Eclipse: Welcome back, Starlight! Ready for your second course?
Moon: Do you wanna skip straight to dessert? I tried a new recipe for donuts!
Sun: No. The hour is late, you should have something simple and adequately filling before bed.
Eclipse: Or... maybe you're interested in something "off the menu?"
they're a silly bunch (:
some other notes under the cut
the title is "Have You Eaten?" which is a common greeting in multiple languages. There's something warm about being greeted with this check-in to make sure you that have taken care of your body.
the restaurant is mostly based on a Hong Kong style cafe (a cha chaan teng) but the specials change often and often branch into other types of dishes and cuisines, because the boys like to experiment with new recipes.
Eclipse does have 4 arms, but he usually hides his second pair away because he's found it disturbed customers.
they can eat as an alternative method of recharging, and they can turn off their taste buds. Sun in particular has a bad habit of eating food scraps.
the DCA's relationship with each other is... complicated? They don't exactly like each other but are forced by their code to remain within a certain distance to each other. So they begrudgingly work and live together and cause trouble for each other's lives.
despite having separate bodies, their code forces them to stay within a certain radius (1515 feet, or the approximate distance between the 2 furthest points of the Mega Pizzaplex). They wear clip-on earrings to extend the range whenever they need extra space (usually Eclipse, hence why he has so many).
Eclipse is the oldest—he was built first for the theatre. Many years later, Eclipse was moved to the daycare to entertain children. But since they were short-staffed, Sun and Moon were built using Eclipse's code to help him at the daycare.

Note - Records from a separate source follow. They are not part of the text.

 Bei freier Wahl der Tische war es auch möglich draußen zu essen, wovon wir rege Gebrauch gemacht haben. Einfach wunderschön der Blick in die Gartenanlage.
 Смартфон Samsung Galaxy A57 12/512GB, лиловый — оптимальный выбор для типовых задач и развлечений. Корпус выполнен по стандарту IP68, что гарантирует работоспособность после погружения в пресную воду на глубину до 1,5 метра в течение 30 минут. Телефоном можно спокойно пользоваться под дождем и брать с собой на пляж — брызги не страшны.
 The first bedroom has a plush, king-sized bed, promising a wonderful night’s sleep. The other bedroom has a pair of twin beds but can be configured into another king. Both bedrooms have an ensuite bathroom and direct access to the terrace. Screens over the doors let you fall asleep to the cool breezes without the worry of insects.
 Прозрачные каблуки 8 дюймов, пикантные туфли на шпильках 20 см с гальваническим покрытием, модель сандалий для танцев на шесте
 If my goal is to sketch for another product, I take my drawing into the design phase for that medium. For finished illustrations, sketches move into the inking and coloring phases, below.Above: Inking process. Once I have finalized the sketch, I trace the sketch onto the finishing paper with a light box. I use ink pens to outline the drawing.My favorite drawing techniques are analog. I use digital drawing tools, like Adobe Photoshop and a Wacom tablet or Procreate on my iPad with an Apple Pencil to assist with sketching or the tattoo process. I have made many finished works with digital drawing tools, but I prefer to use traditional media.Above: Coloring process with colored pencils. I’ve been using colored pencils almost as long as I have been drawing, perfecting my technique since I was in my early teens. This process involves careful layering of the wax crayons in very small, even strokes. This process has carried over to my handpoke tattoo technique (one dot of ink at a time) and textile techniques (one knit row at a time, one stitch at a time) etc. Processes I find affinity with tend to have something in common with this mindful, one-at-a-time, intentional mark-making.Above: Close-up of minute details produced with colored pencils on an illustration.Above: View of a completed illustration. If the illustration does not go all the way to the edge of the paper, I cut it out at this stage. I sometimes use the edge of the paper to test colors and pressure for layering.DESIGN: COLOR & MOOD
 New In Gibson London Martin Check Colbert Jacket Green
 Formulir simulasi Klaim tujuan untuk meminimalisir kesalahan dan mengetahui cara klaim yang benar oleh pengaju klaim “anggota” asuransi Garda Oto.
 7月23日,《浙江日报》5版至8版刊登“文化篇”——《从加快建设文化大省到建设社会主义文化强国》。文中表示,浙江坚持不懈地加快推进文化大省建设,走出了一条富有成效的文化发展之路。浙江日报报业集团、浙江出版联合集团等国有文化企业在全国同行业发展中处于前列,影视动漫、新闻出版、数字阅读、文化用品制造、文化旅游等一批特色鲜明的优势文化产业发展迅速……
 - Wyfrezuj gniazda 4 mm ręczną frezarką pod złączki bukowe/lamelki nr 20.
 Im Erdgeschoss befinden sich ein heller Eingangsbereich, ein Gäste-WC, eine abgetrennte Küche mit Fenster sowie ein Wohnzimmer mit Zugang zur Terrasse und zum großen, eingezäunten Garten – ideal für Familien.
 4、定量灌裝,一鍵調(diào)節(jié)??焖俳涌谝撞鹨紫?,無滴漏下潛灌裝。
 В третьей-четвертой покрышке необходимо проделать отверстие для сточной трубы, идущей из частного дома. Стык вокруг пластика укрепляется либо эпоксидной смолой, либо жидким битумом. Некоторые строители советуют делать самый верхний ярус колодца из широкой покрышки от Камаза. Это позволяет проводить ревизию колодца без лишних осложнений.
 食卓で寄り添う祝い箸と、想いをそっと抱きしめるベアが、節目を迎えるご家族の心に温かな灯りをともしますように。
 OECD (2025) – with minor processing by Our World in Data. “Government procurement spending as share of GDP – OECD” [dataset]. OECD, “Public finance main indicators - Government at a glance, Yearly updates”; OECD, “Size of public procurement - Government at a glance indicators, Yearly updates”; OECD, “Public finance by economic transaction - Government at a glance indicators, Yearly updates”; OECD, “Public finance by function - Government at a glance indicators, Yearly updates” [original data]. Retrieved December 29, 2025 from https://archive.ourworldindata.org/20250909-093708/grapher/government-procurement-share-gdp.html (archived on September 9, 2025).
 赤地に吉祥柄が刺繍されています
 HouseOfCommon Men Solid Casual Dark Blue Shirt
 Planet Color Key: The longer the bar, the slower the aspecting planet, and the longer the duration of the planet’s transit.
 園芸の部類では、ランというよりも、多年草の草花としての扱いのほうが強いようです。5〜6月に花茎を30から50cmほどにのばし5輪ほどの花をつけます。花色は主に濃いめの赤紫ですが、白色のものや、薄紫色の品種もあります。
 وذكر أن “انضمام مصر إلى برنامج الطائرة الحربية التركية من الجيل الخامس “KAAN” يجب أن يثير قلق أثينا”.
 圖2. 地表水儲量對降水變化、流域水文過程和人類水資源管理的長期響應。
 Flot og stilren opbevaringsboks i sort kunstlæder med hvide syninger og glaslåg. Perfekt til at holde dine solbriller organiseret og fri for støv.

their pizzaplex was left to ruin and the three of them got out and were picked up by an old chef, who took them in and taught them everything he knows before leaving his restaurant to them and passing away.
i would like to write something for this AU. The main story still needs some work, but I have a lot of little drabble ideas that I might write. Or maybe it will be an AU full of drabbles. That's a possibility too. Although I would like to explore stories with other y/ns, like one who is a picky eater, one who has a lot of food allergies, etc.
also head's up: innuendos. innuendos everywhere. (most of which are Eclipse's fault)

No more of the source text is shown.